Work order - Range to repeat from the listing below: the line containing "Abstract representation of" down to the line containing "Адаптивный раздел для", both included. Copy it exactly, pictures excluded, and add nothing else.

Provided data -
-=-=-=-=-

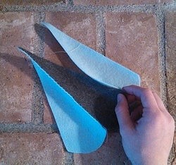 Нарисуйте полукруг в нижней части треугольника с радиусом около 2,5 см (см. фото). Используйте подходящий круглый шаблон, чтобы получить ровную дугу.
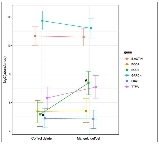 Relative BCO1, BCO2, LRAT, and TTPA mRNA levels in the liver of rabbits with the del/del genotype at codon 248 of the BCO2 gene, fed different diets (control diet vs. a diet with the addition of Aztec marigold flower extract). GAPDH and β-actin were used as reference genes. Data represent posterior means (expressed as arbitrary units) ± 95% credible intervals. Means followed by the same superscripts (A, A) differ highly significantly (p ≤ 0.01).
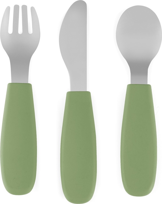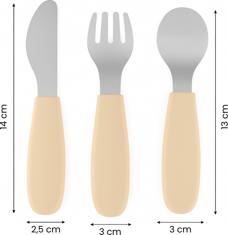 Funkčné časti sú vyrobené z kvalitnej nehrdzavejúcej ocele, rukoväte sú ergonomické a potiahnuté mäkkým silikónom vhodným na kontakt s potravinami – ideálne prispôsobené detským rúčkam. To zaručuje pohodlný a istý úchop a podporuje správne stravovacie návyky.
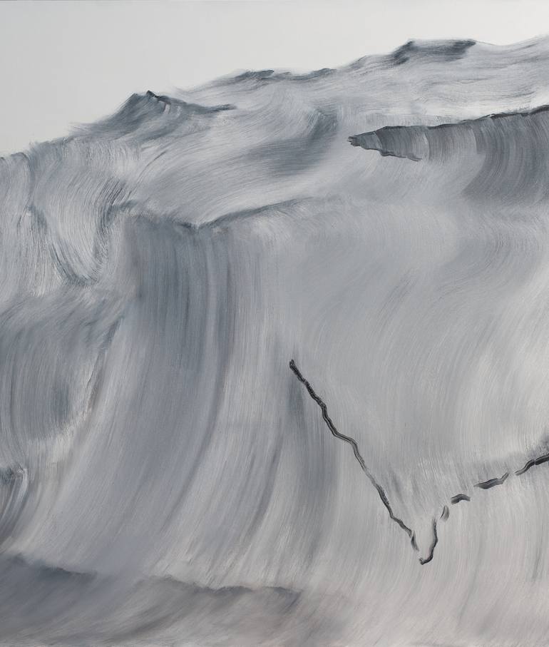 Abstract representation of a wave in grayscale. The mixture of oil paints gives a visual effect of silver color. The painting is part of a Twin series. The Twin I | Oil, canvas, 170x200 cm | 2018
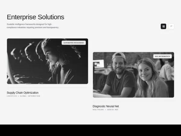 Адаптивный раздел для демонстрации корпоративных решений. Переключатель вида (сетка/список), анимированные карточки. Идеально для кейсов и проектов.
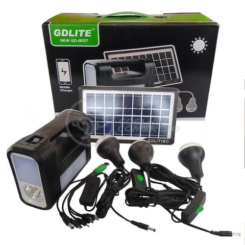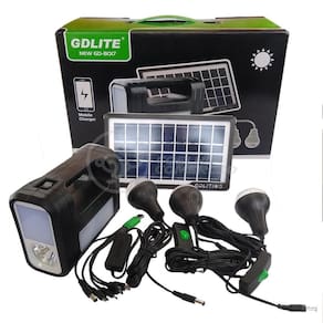 Kit Lanterna Placa Solar Carregador Portatil Energia Emergência Painel Lampadas Acampamento Camping Gdlite -A energia solar fornece corrente contínua para iluminação e carregamento de dispositivos móveis. Além de ser útil em momentos de necessidade, o sistema solar também é útil para eventos ao ar livre e viagens noturnas. Ele também vem com um painel solar com lanternas, lâmpadas LED e uma Placa solar. -utilizando energia solar renovável, este dispositivo de iluminação é obrigatório durante apagões e situações de emergência. Este dispositivo também é fácil de usar, muito intuitivo e pratico. Também foi comprovado que não há ruído, permitindo que você aprecie as atividades ao ar livre ou a paz e tranquilidade da noite. Características do Produto Cor: Preto Capacidade: 4500mAh Potência: 20w Entrada USB para carregar celulares ou outros equipamentos Material: Polipropileno e Componentes Eletrônicos. Produto 100% autêntico e de alta qualidade Possui indicador de nível de bateria Carregamento Adaptador de Tomada: Bivolt 110/220V - 50 / 60Hz Carregamento também por Placa Solar Entrada: DC 6V Saída: DC 9V Saída USB: 4x 5V = 0,5A Tempo de carregamento: 8-10 horas Tempo de Recarga no Sol: 12hs Tempo de trabalho: 7 à 12 horas A Lâmpada Led É 90 Lumens, A Luz Lateral É 150 Lumens Quantidade de Leds Lâmpada Bulbo: 8 Potência Lâmpada Bulbo: 3W Dimensões Altura x Largura x Comprimento : Medidas Placa Solar: 2 cm x 14 cm x 26 cm Medidas Lâmpada Bulbo: 9cm x 6cm Comprimento Cabo da Lâmpada Bulbo: 3 metros 40 cm Comprimento Cabo Fonte Controle Principal: 50 cm Conteúdo da embalagem 1 Controle Principal Acoplado no Painel , com entradas para Lâmpadas, Fontes, USB, Liga/Desliga. 3 Lâmpadas Bulbo 1 Placa Solar 1 Cabo USB 5 Entradas
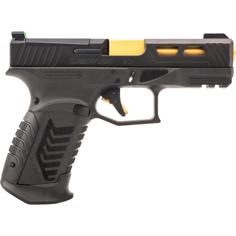 Derya DY9, Striker Fired, Semi-automatic, Polymer Frame Pistol, Full Size, 9MM, 3.86" Barrel, PVD Finished Gold Barrel, Melonite Finish, Black, Truglo Fiber Optic Front and Rear Sights, Optics Ready Slide, Glock Magazine Compatible, 15 Rounds, 1 Magazine, Includes (2) Optic Plates & (4) Back Straps DY9.G.US
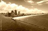 Aerial view of Miami Beach with turquoise waters. Drone shot of Miami skyline. Top view of South Miami Beach. Miami cityscape with luxury skyscrapers and ocean. View of Miamis famous skyscrapers.
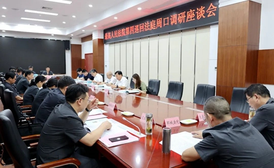 7月18日,最高人民法院第四巡回法庭分党组副书记、副庭长杨永清一行到周口中院调研指导,省法院审委会委员、二级高级法官马军杰,周口中院党组书记、院长马龙等陪同调研座谈。
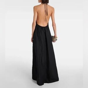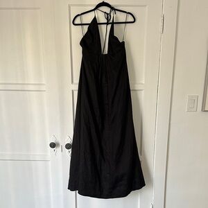 Chic black linen maxi dress with halter neckline. Flowy and stylish. Ideal for any event. Perfect for a summer wedding.
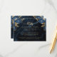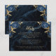 Kortet i elegant bröllop innehåller detaljer om blått blommigt, som är uppkopplat med guld faux foil grey i två hörn, på en bakgrundsbild av marint blått vattenfärgagat. Anpassadet kombinerar guld-färgad serif, italic och handskriftsformat typsnitt. Den omvända sidan har en matchande marin blå och guld-blommigt och agate-design.
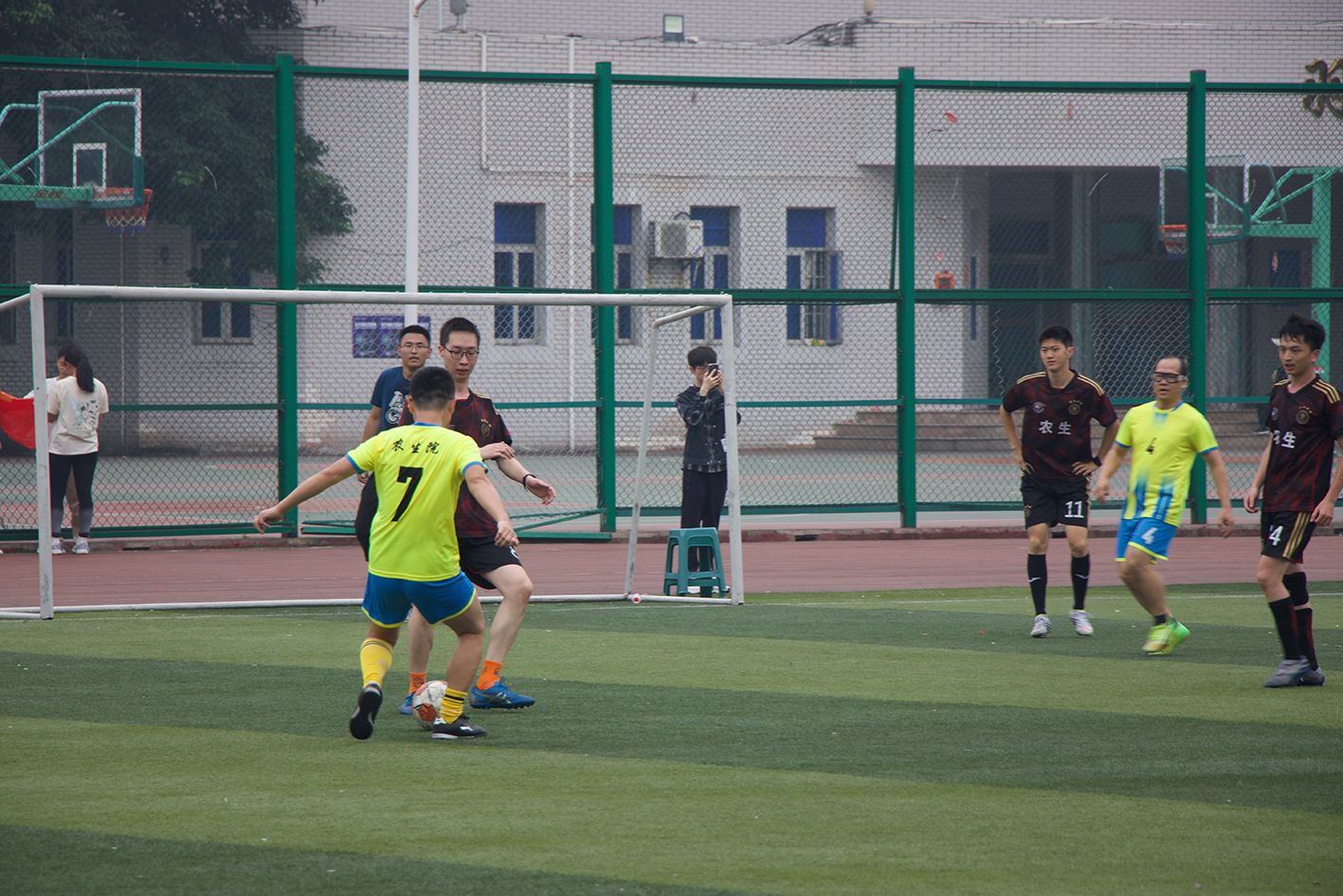 经过赛前的充分热身,比赛正式开始,双方球员迅速进入状态,展现出了高超的球技和精神面貌。教师队在比赛中控制着节奏,不断向毕业生队抛出威胁球,让对手防守心理始终处于高度紧张状态。而毕业生队虽然一直被教师队领先,但依然没有放弃,反而加强进攻,试图扳回比分。他们采取多种技术手段,在场上互相配合,一次次打出好机会,并多次将球打入了教师队禁区。

-=-=-=-=-

Written solution -
 Abstract representation of a wave in grayscale. The mixture of oil paints gives a visual effect of silver color. The painting is part of a Twin series. The Twin I | Oil, canvas, 170x200 cm | 2018
 Адаптивный раздел для демонстрации корпоративных решений. Переключатель вида (сетка/список), анимированные карточки. Идеально для кейсов и проектов.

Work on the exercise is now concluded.